* Provided records:
-=-=-=-=-

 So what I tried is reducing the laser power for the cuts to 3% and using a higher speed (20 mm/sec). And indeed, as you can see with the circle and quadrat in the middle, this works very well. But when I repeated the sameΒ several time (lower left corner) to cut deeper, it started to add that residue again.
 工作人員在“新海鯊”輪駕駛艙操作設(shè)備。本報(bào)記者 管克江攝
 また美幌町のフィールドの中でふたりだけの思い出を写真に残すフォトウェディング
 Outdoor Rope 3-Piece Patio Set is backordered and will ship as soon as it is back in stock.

-=-=-=-=-

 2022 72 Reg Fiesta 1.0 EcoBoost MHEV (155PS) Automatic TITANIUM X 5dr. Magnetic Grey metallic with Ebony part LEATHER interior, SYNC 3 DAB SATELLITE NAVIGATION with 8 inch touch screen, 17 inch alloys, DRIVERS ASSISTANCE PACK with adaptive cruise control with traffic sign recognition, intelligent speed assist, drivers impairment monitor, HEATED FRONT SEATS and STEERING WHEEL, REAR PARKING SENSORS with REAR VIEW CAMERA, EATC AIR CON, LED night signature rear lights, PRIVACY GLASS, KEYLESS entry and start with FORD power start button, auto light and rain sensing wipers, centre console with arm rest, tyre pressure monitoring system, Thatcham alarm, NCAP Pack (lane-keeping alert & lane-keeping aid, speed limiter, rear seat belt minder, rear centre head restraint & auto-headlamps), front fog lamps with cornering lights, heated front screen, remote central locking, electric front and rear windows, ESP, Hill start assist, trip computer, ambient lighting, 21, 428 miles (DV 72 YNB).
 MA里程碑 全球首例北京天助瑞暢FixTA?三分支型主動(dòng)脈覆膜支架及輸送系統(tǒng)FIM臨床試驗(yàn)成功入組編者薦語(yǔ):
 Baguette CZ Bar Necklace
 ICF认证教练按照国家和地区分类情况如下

-=-=-=-=-

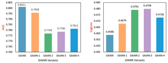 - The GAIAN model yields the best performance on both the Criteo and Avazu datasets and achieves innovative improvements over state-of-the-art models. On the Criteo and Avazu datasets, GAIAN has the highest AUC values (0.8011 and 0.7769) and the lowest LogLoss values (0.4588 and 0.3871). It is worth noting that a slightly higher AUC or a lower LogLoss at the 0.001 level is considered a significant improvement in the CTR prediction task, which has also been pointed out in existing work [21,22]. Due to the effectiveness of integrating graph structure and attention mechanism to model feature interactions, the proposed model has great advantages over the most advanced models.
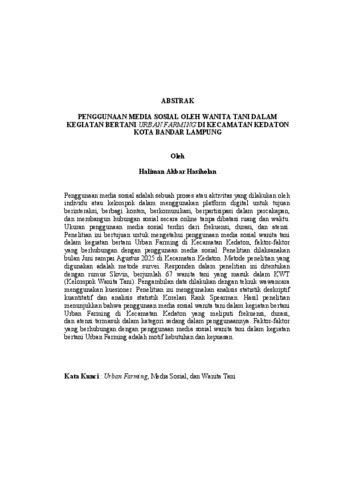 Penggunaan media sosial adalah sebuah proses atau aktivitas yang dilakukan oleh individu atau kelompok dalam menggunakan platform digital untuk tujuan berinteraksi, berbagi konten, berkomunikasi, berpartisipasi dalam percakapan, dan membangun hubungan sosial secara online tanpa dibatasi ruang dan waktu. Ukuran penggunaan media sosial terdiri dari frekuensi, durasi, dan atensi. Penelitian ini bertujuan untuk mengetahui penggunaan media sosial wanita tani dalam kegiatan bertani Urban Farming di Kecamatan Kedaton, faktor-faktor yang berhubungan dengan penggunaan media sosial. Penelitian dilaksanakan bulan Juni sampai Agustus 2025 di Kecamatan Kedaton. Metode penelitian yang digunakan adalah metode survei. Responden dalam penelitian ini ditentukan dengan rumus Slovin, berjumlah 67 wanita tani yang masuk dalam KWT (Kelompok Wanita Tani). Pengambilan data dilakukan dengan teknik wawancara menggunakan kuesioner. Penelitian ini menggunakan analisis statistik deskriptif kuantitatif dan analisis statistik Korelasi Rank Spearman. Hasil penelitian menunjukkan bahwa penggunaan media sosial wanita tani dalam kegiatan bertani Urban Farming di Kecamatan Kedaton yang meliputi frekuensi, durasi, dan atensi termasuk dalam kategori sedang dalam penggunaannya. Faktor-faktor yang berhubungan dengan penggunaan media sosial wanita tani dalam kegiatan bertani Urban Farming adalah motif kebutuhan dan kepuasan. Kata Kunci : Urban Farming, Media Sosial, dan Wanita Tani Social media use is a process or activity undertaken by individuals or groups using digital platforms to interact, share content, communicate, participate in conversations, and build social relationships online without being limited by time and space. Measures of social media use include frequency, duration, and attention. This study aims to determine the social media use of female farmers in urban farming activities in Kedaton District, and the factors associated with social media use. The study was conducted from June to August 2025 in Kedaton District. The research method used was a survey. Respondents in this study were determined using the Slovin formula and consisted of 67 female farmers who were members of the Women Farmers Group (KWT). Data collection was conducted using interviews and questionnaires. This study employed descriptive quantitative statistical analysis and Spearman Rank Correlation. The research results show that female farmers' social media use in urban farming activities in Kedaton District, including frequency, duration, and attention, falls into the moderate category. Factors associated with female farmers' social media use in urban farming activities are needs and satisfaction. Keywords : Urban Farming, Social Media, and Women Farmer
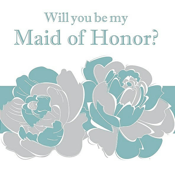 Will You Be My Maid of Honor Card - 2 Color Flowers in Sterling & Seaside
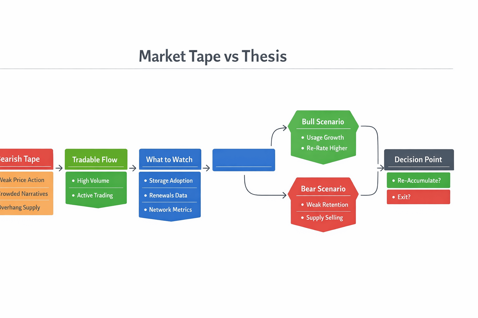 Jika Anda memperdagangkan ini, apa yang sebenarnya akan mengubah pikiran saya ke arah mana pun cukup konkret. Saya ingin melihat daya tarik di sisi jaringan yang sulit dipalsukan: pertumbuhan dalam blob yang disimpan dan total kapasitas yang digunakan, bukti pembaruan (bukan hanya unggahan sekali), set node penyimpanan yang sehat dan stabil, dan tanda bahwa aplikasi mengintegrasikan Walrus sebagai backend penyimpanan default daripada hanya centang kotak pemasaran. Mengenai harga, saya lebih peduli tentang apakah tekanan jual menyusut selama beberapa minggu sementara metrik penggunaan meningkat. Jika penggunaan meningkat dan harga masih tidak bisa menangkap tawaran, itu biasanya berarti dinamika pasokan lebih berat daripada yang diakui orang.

-=-=-=-=-

* Assignment: Give back, exactly as written, the stretch from the line with "Baguette CZ Bar Necklace" through the line with "ICF认证教练按照国家和地区分类情况如下", and no other lines from the records above.

* Exercise answer:
 Baguette CZ Bar Necklace
 ICF认证教练按照国家和地区分类情况如下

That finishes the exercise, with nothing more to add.